== WHAT THIS TASK INVOLVES ==
Copy each entry below exactly. No images.

PROVIDED ENTRIES: Begin

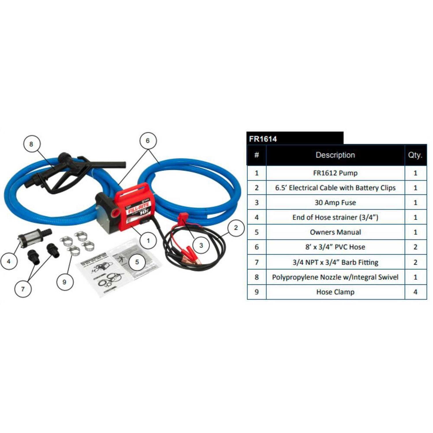 Features and Benefits:. Includes battery cable with clips. 8′ of 3/4” hose – Pick up tube strainer and plastic ¾” nozzle. Compatible with Diesel and Antifreeze. 10 GPM flow rate. This light duty rotary vane transfer pump is portable and self priming. The pump is cast iron and produces a flow rate of 10 GPM. It is powered by DC voltage. Battery cable with clips is included. As a complete pump kit it also has 8” of 3/4” hose pick up strainer for the inlet and outlet and a plastic 3/4” plastic nozzle. The pump is compatible with diesel and antifreeze fluids.
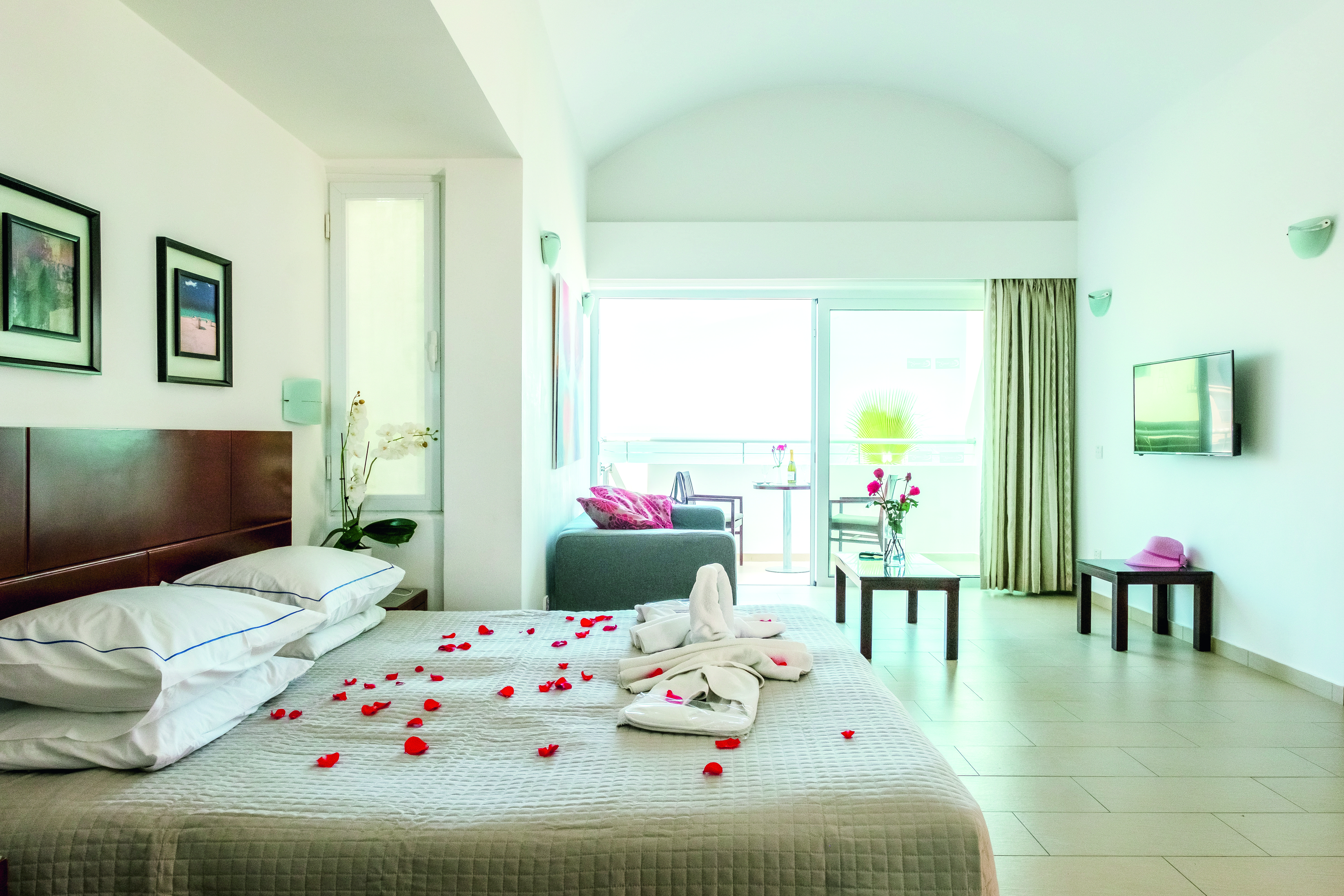 Adults have a choice of two pools – one on the terrace, and a heated number indoors. There’s a childrens’ swimming pool, too. A snack bar dishes up tasty treats, and you can also dine in a traditional open-air taverna or a buffet restaurant. Sport-wise you can play a game of tennis on the hotel’s court, and on the beach there’s a water sports centre. The health club is the place to be for relaxation – there’s a sauna, a steam bath and if you’re feeling active, a gym.
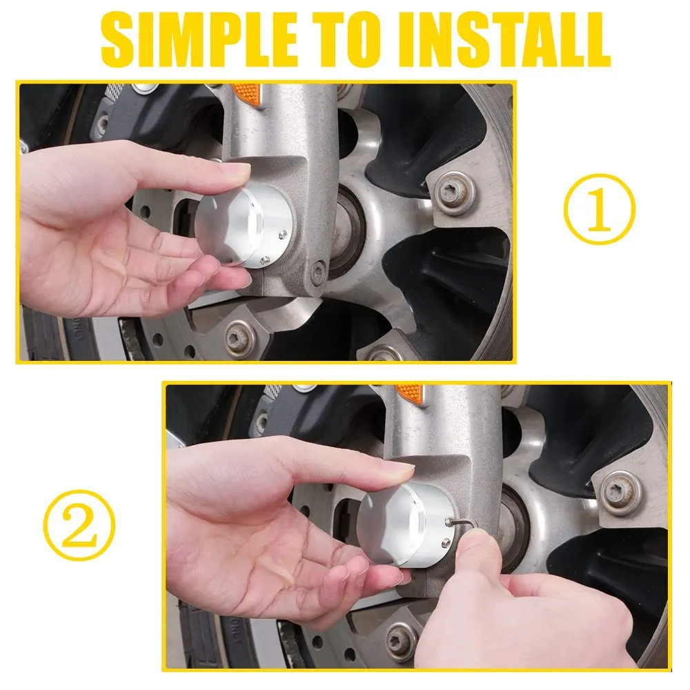 3.The front wheel axle nut cover feature contrasting chrome and sculpted machined surfaces that send reflections of light in all directions. Perfect match for front axle hardware, making your vehicle unique and cool.
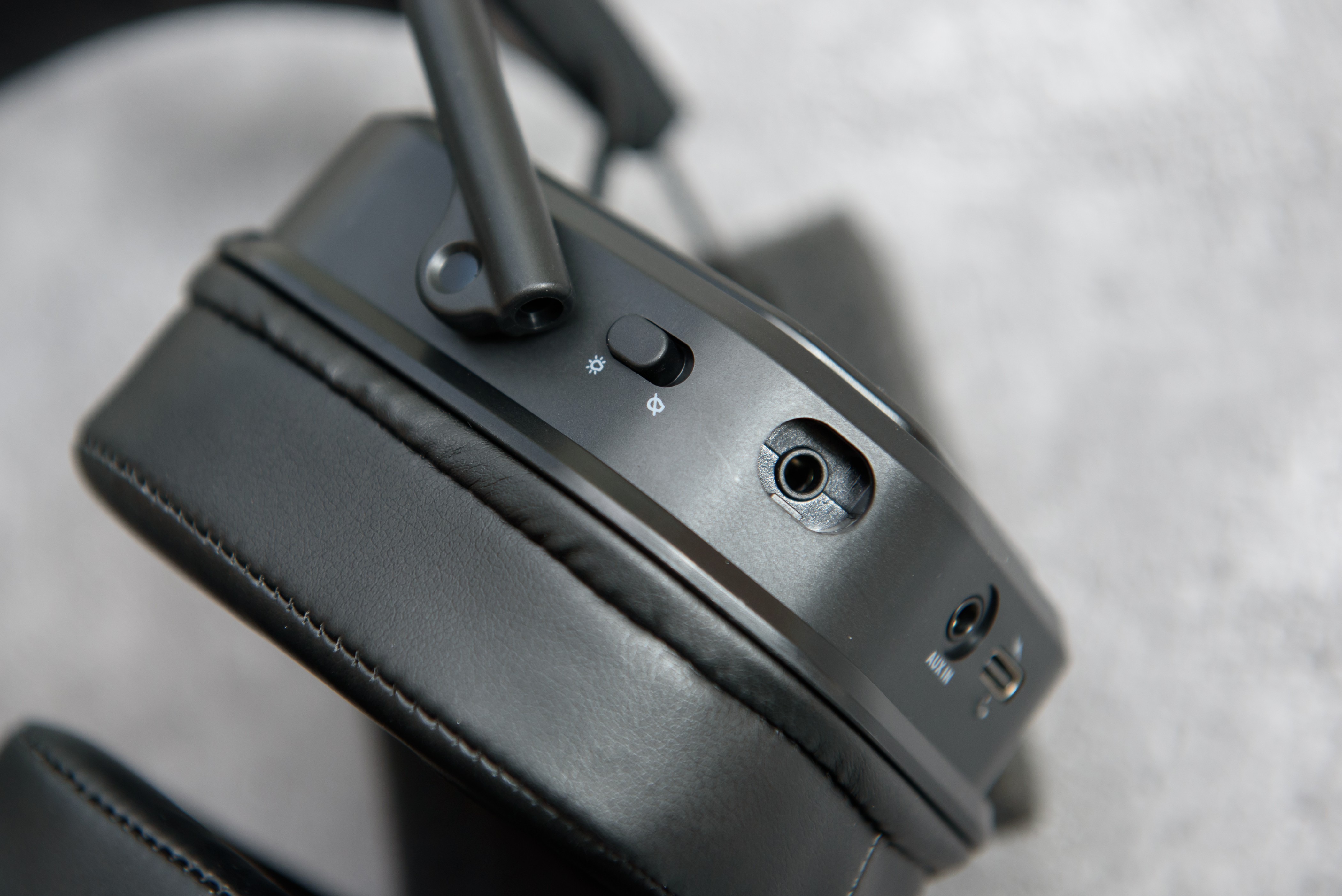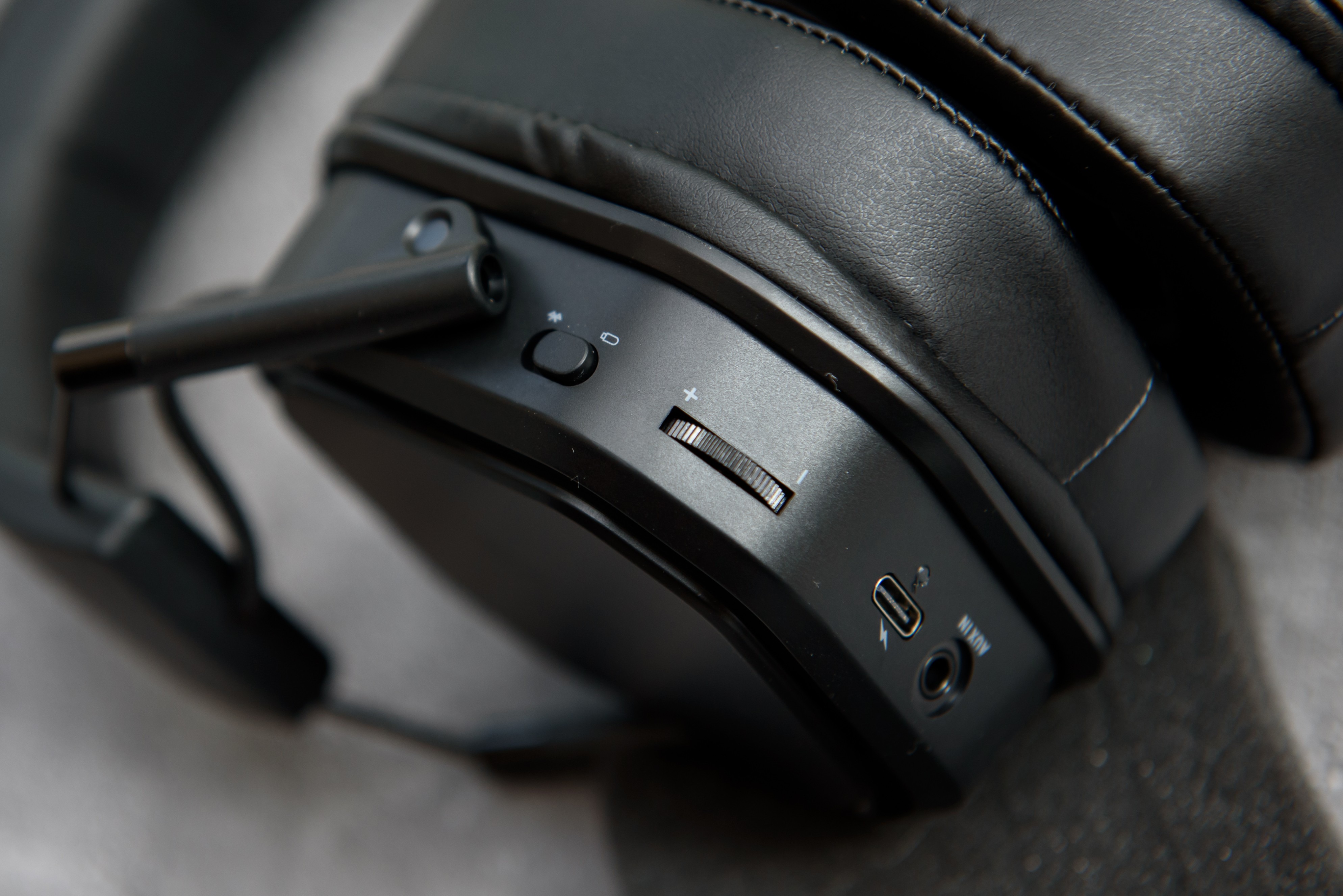▼ 耳机除了电源开关外, 所有控制全部集中在了左侧耳罩,依次为蓝牙/2.4G切换按钮,音量调节旋钮,AUX线口,TYPE-C充电口,RGB灯效开关及可拆卸全指向降噪麦克风接口, 玩家使用一只手可以完成全部操作。
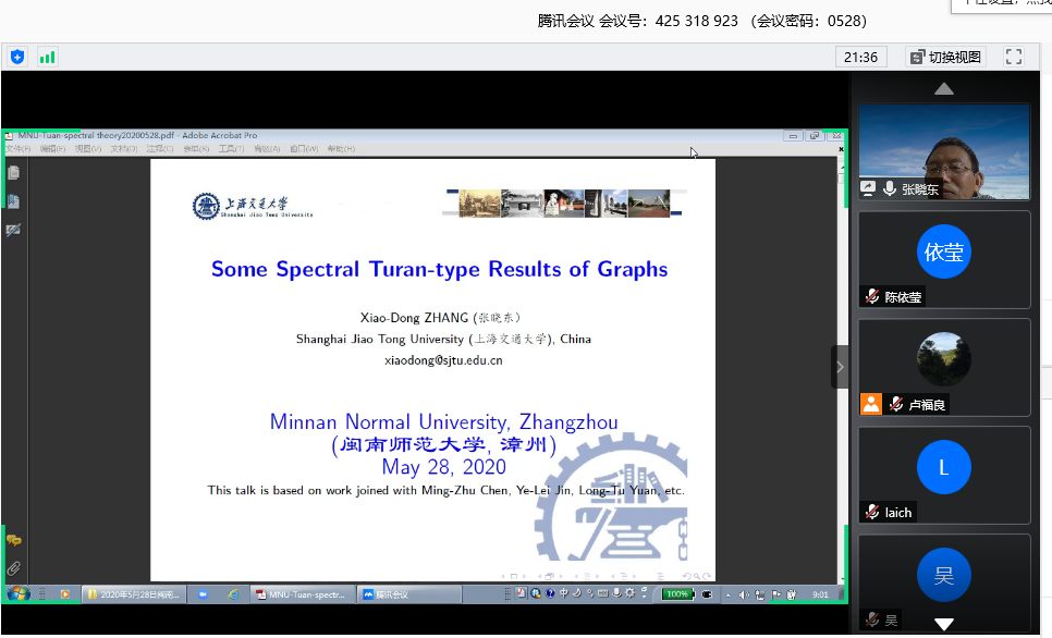 应公司邀请,5月28日上午,上海交通大学张晓东教授在腾讯会议作了题为《Some spectral Turan-Type results of graphs》的报告。相关师生聆听了此次报告,报告由卢福良教授主持。
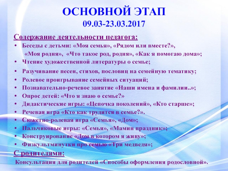 Обсуждение с родителями проекта, выяснение возможностей, средств, необходимых для реализации проекта, определение содержания деятельности всех участников проекта.

PROVIDED ENTRIES: End

== OUTPUT OF THE TASK ==
 Features and Benefits:. Includes battery cable with clips. 8′ of 3/4” hose – Pick up tube strainer and plastic ¾” nozzle. Compatible with Diesel and Antifreeze. 10 GPM flow rate. This light duty rotary vane transfer pump is portable and self priming. The pump is cast iron and produces a flow rate of 10 GPM. It is powered by DC voltage. Battery cable with clips is included. As a complete pump kit it also has 8” of 3/4” hose pick up strainer for the inlet and outlet and a plastic 3/4” plastic nozzle. The pump is compatible with diesel and antifreeze fluids.
 Adults have a choice of two pools – one on the terrace, and a heated number indoors. There’s a childrens’ swimming pool, too. A snack bar dishes up tasty treats, and you can also dine in a traditional open-air taverna or a buffet restaurant. Sport-wise you can play a game of tennis on the hotel’s court, and on the beach there’s a water sports centre. The health club is the place to be for relaxation – there’s a sauna, a steam bath and if you’re feeling active, a gym.
 3.The front wheel axle nut cover feature contrasting chrome and sculpted machined surfaces that send reflections of light in all directions. Perfect match for front axle hardware, making your vehicle unique and cool.
▼ 耳机除了电源开关外, 所有控制全部集中在了左侧耳罩,依次为蓝牙/2.4G切换按钮,音量调节旋钮,AUX线口,TYPE-C充电口,RGB灯效开关及可拆卸全指向降噪麦克风接口, 玩家使用一只手可以完成全部操作。
 应公司邀请,5月28日上午,上海交通大学张晓东教授在腾讯会议作了题为《Some spectral Turan-Type results of graphs》的报告。相关师生聆听了此次报告,报告由卢福良教授主持。
 Обсуждение с родителями проекта, выяснение возможностей, средств, необходимых для реализации проекта, определение содержания деятельности всех участников проекта.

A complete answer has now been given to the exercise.